I looked, and for Fidelity, all I could find was a margin loan at much higher rates.

The "catch" is, that rate is floating, so I can't expect it to stay that low forever. I plan to apply for a regular 30 year to lock in these historically low rates, but heard that no one wants to touch a mortgage under these conditions until the home has been owned for ~ 6 months. But it (mostly) simplified the home purchase, and that was part of the goal. Now I can deal with mortgage shopping w/o all the rush of the home buying 'experience'.

-ERD50
Schwab has a Pledged Asset Line for SOFR (Secured overnight financing rate) + 2.4% if you have $1 mil with them. Right now that's less than 2.5%, and yeah it's floating so it's a bridge loan unless you want ride it until rates rise enough to get your attention. It's SOFR + 2.9% if you have less than $1 mil, but then you need to keep a closer eye on your loan to value ratio so you don't have a margin call. No fees that I could see, it's just a straight-up loan that they can approve in a few days. The max loan is 70% of your asset value but you'd not want to be anywhere near that in case the market has a correction.

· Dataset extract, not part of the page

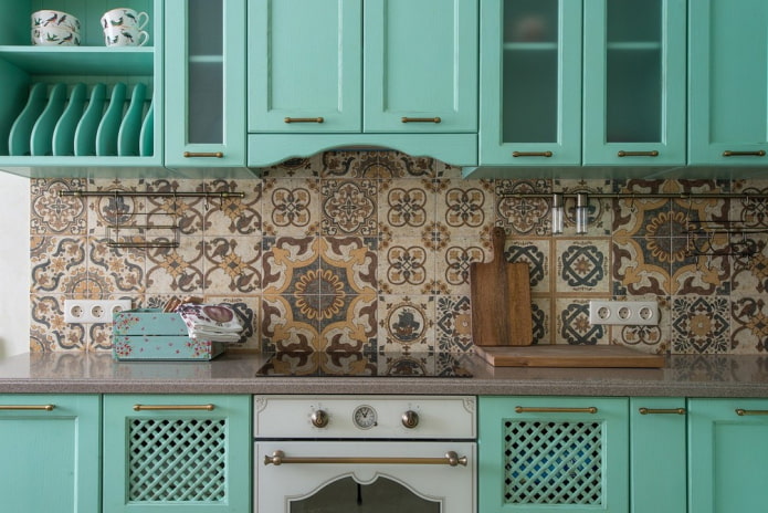 Love these shades, but not enough to make them dominant? Prefer small, accent surfaces: apron will fit perfectly. On large areas, a mint-colored apron can only be near the stove, on small areas it can take up all the space above the countertop.

https://www.schwab.com/pledged-asset-line

If we ever pull the trigger, a good strategy might be to pay cash for a new house with a bridge loan like this, then move when you want and sell the old house and pay off the loan. That way you have no contigencies on the new house other than the usual inspection etc. so you're basically a straight cash buyer superior to most loan buyers. Plus you're borrowing cheaper than your money can earn in the market with little closing costs, you could hold the loan until rates rise then pay it off.